■ WHAT THE EXERCISE ASKS
Set down, word for word, every line of the material below from the one containing "生態(tài)環(huán)境部發(fā" through the one containing "Rodzynkiem w grupie, który", but none of its pictures.

RECORDS FOR THIS EXERCISE: Begin

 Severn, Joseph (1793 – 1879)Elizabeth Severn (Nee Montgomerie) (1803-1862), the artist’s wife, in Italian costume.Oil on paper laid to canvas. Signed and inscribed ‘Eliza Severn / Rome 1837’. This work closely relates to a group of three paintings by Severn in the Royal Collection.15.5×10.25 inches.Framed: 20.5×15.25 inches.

RECORDS FOR THIS EXERCISE: End
RECORDS FOR THIS EXERCISE: Begin

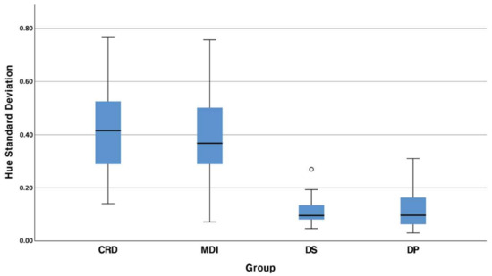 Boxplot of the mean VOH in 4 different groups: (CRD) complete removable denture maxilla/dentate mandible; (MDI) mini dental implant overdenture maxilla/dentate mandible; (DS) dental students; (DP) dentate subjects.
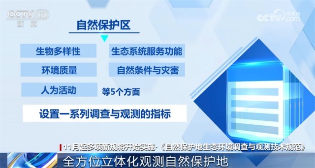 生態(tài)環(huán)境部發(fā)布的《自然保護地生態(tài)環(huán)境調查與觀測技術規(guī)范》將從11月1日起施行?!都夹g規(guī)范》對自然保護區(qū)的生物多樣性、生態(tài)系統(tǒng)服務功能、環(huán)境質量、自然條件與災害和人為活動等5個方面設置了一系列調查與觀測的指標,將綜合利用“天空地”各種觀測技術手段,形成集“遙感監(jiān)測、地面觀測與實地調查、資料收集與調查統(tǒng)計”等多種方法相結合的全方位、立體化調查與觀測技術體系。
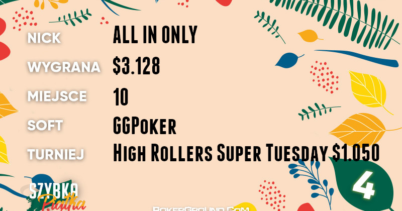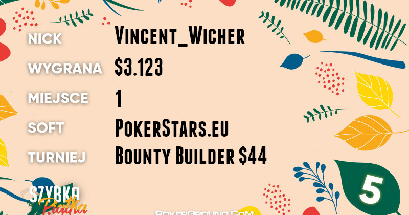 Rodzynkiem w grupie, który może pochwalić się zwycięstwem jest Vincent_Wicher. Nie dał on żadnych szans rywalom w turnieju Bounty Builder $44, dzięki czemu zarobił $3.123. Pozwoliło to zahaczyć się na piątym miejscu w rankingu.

RECORDS FOR THIS EXERCISE: End
RECORDS FOR THIS EXERCISE: Begin

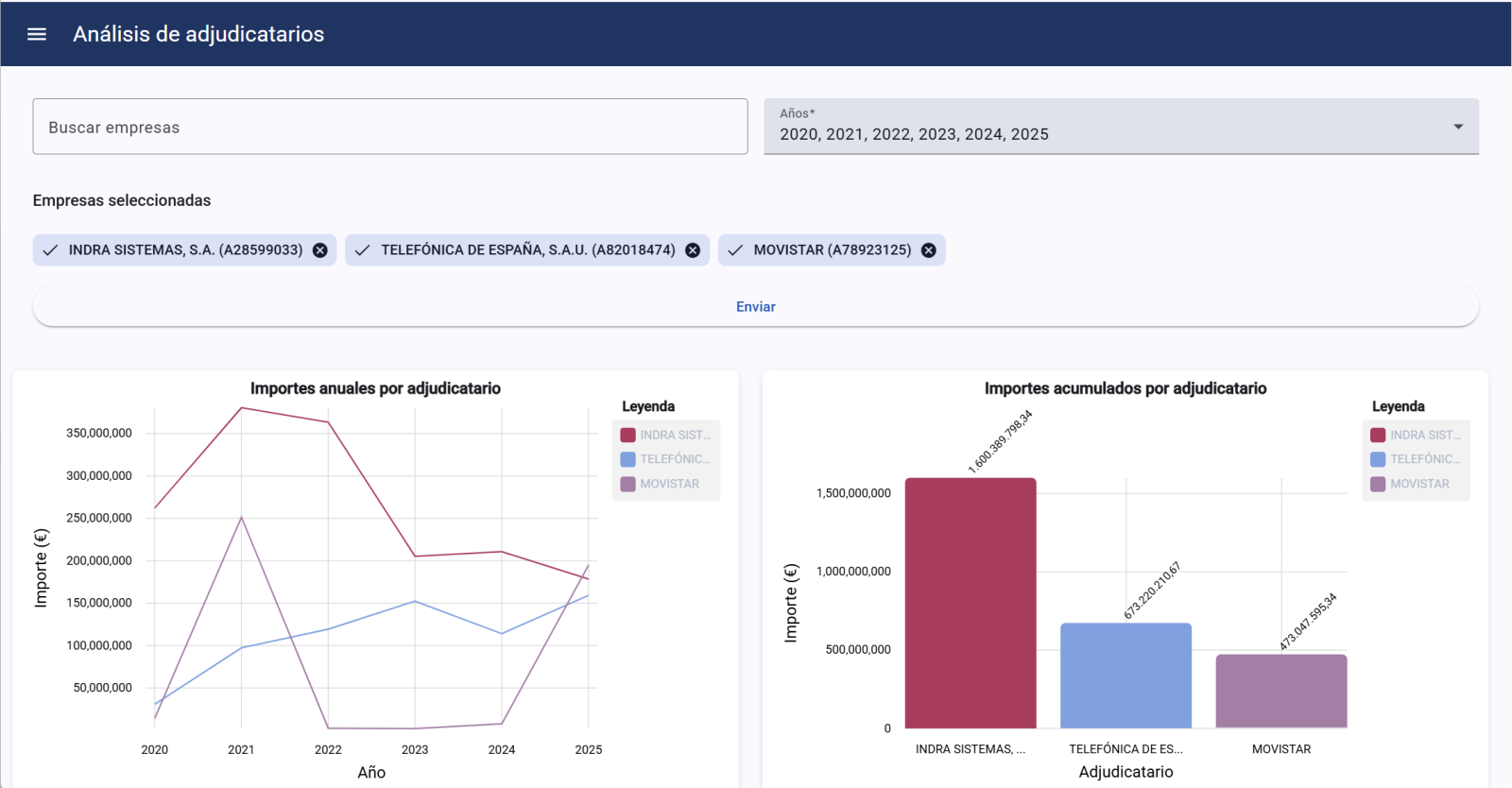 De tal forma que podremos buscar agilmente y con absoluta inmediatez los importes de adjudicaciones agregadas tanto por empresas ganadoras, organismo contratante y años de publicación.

RECORDS FOR THIS EXERCISE: End

■ RESPONSE TO THE TASK
 生態(tài)環(huán)境部發(fā)布的《自然保護地生態(tài)環(huán)境調查與觀測技術規(guī)范》將從11月1日起施行?!都夹g規(guī)范》對自然保護區(qū)的生物多樣性、生態(tài)系統(tǒng)服務功能、環(huán)境質量、自然條件與災害和人為活動等5個方面設置了一系列調查與觀測的指標,將綜合利用“天空地”各種觀測技術手段,形成集“遙感監(jiān)測、地面觀測與實地調查、資料收集與調查統(tǒng)計”等多種方法相結合的全方位、立體化調查與觀測技術體系。
 Rodzynkiem w grupie, który może pochwalić się zwycięstwem jest Vincent_Wicher. Nie dał on żadnych szans rywalom w turnieju Bounty Builder $44, dzięki czemu zarobił $3.123. Pozwoliło to zahaczyć się na piątym miejscu w rankingu.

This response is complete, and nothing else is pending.